The Early Upanishad stress that all the Hindu gods and goddesses are the same, all an aspect and manifestation of Brahman as the metaphysical ultimate reality before and after the creation of the Universe. Metaphysically, Brahman is the ultimate eternal and constant reality, while the observed universe is Maya to represent temporary and changing reality (Gough, 2001). The ultimate reality also includes Atman (soul or self). In the various schools of Hinduism, the dual schools consider Altman different from Brahman, while the non-dual schools consider Atman same as Brahman. In terms of ethics and aesthetics, Brahman and Atman are central to Hindu theory of values to represent the compassion for others, including other beings and nature at large (Sharma, 1999). Atman is the same reality and the same aesthetics as the Brahman (Nikam, 1952).

Moksha involves the liberation from saṃsāra (birth-rebirth cycle) (Tomer, 2002). During human life, Moksha can be attained through four paths, including Karma (the path of action and good deeds), Bhakti (the path of devotion to God), and Jnana (the path of knowledge and wisdom), and Raja (the path of mental discipline and meditation). After attaining moksha, the soul merges with Brahman. Ashrama as the four age-based life stages consists of Brahmacharya (student), Grihastha (householder), Vanaprastha (retired), and Sannyasa (renunciation) (Sharma, 2004). Moksha can be attained during the last two stages of Ashrama.

In the Early Upanishads, Brahman is the divine force underlying all reality. In contrast to God representing personal monotheism in the Old Testament, Brahman represents impersonal monotheism as an all-pervasive universal consciousness in the Early Upanishads. As a result, the paradigm shift in the Early Upanishads is from theocratic polytheism in the Vedas in Vedism during the Bronze Age to theocratic monotheism in Brahmanism during the Iron Age to adapt to the gradual unification of north India.

3. The Civilizational Shift from the Iron Age to the Advanced Iron Age

The Advanced Iron Age started about 700 BCE (Nijboer et al., 2015). The widespread use of improved iron tools and weapons helped the formation large territorial states. The towns became good markets, and both artisans and merchants were organized into guilds under their respective headmen. In India, it started the period of second urbanization (6th century BCE to 3rd century BCE) with large-scale town life in the middle Gangetic basin (Nain, 2018). The increase in wealth and education for ordinary people in the Advanced Iron Age and the second urbanization produced the rise of ordinary people. Ordinary people demanded more direct access to Brahmanism without excessive hierarchy and ritualism maintained by hierarchical and ritualistic priests. As a result, the rise of ordinary people was accompanied by the rise of new ascetic movements in Greater Magadha, including Jainism and Buddhism maintained by ordinary people instead of priests who maintained ritualistic Brahmanism (Flood, 1996). The new religions were spiritual religions where spirit (inner mental state) replacing external hierarchy and ritualism, so they opposed hierarchy and ritualism in Brahmanism in such way that all ordinary people could be priests. Other than hierarchy and ritualism, the spiritual religions inherited most of the religious traditions from the original ritualistic religions. The rise of ordinary people for spiritual production in spiritual religions in the Advanced Iron Age corresponds to the rise of proletariats for material production in Marxism in the Industrial Age (Chung, 2020a).

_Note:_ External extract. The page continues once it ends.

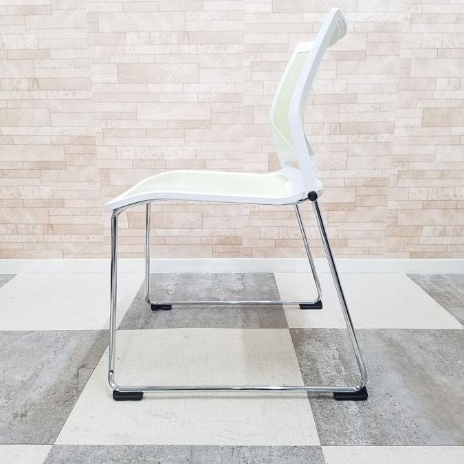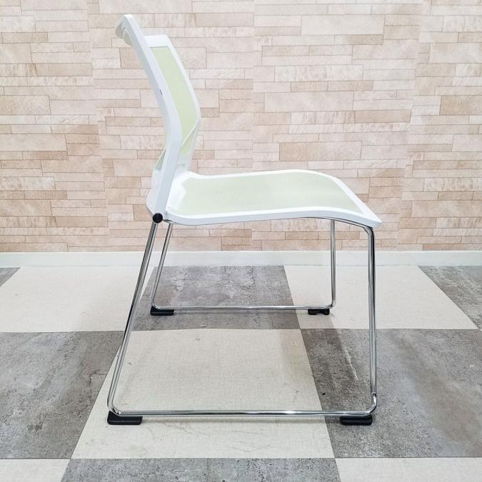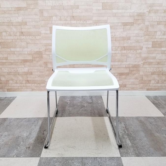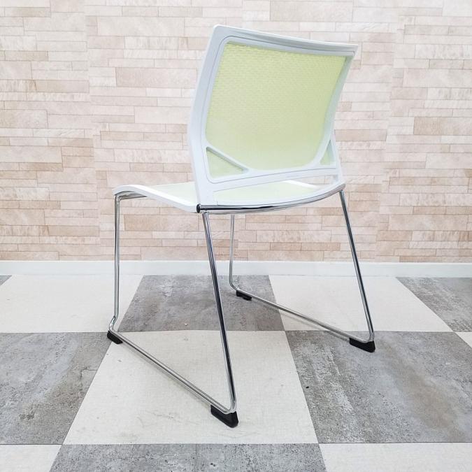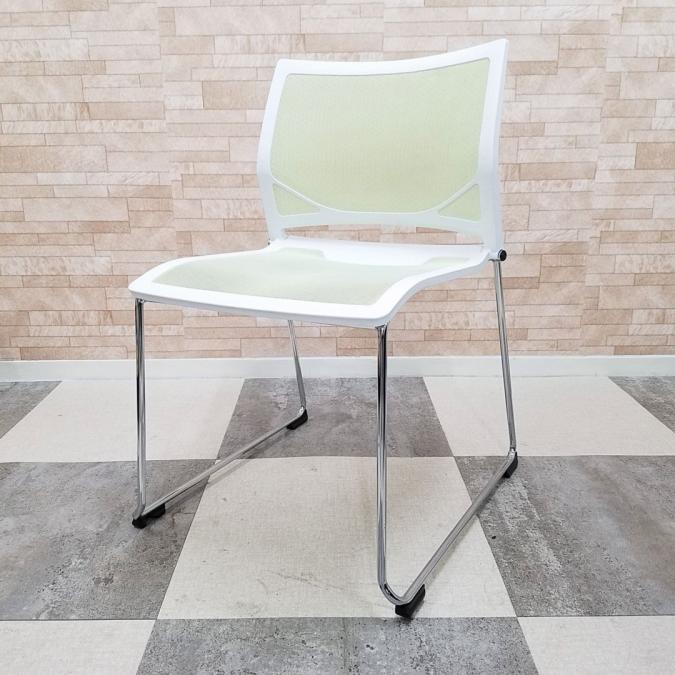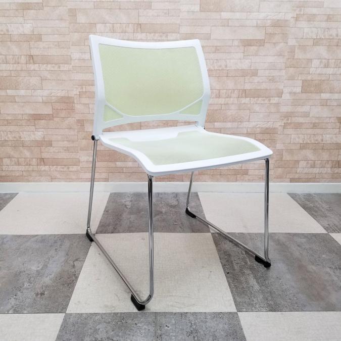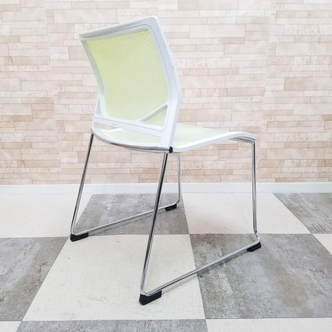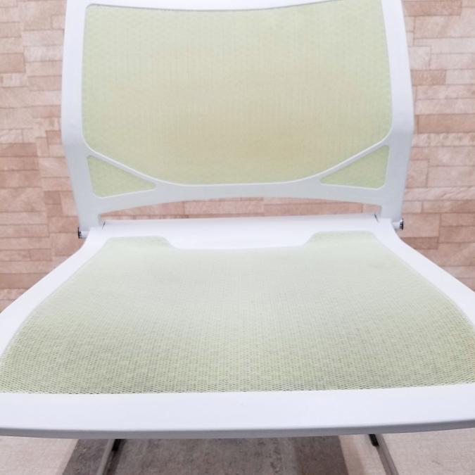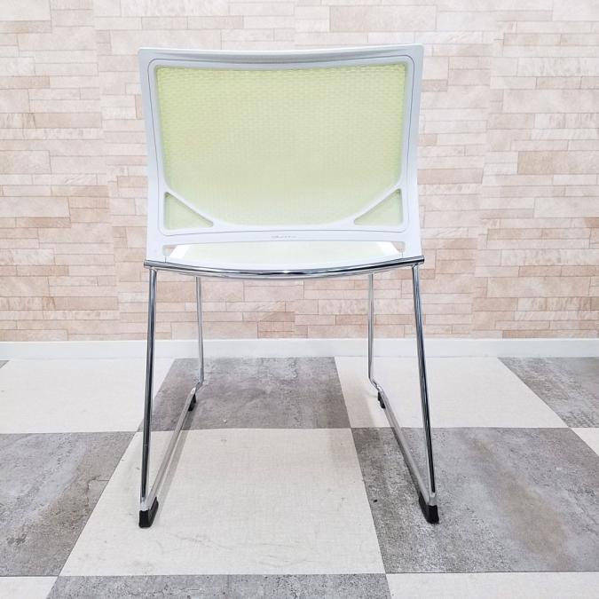 【在庫入替セール品】【重ねて省スペースに格納できます!】■オカムラ Zart(ツァルト)シリーズ スタッキングチェア ■肘無し ピスタチオグリーン/ホワイトシェル 背座面メッシュ- 大阪・堺店

The most important founders of the anti-hierarchy and anti-ritualism spiritual religions are Buddha in India for Buddhism and Jesus in the Middle East for Christianity. Both of them are for ordinary people, and oppose hierarchy and ritualism maintained by priests.

3.1. Christianity with the New Testament

Jesus, the founder of Christianity is known from the four New Testament Gospels (Matthew, Mark, Luke and John) which were written in the late first century CE. Jesus was born sometime about 4 BCE and crucified sometime between 26 - 36 CE during the rule of Judea by the Roman governor, Pontius Pilate.

Jesus was born as an ordinary person in Nazareth, a city in Jewish Galilee far away from the Jewish center of Jerusalem, and according to theologian Frederick Bruner, Galilee was not just geographically far from Jerusalem; it was considered spiritually and politically far, too. Galilee was the most pagan (such as Aramaean, Iturean, Phoenician, and Greek) of the Jewish provinces, located as it was at the northernmost tier of Palestine. This distance from Zion was not only geographic; Galileans were considered by Judaeans to sit rather loosely to the law and to be less biblically pure than those in or near Jerusalem (Bruner, 2004). Therefore, Judeans, particularly Judean Pharisees who followed strict Jewish traditions in Jerusalem, regarded the Galileans with a certain proud contempt.

Jesus preached mostly in Galilee, and selected his disciples mostly from ordinary people such as fishermen from Galilee. In Matthew 4:18, “As Jesus was walking beside the Sea of Galilee, He saw two brothers, Simon called Peter and his brother Andrew. They were casting a net into the lake, for they were fishermen. ‘Come, follow me,’ Jesus said, ‘and I will send you out to fish for people.’ At once they left their nets and followed Him.” As a result, it is not surprising that Jesus became a leader for the rise of ordinary people against hierarchy and ritualism in Judaism maintained by priests, teachers of the law, and Pharisees in Jerusalem.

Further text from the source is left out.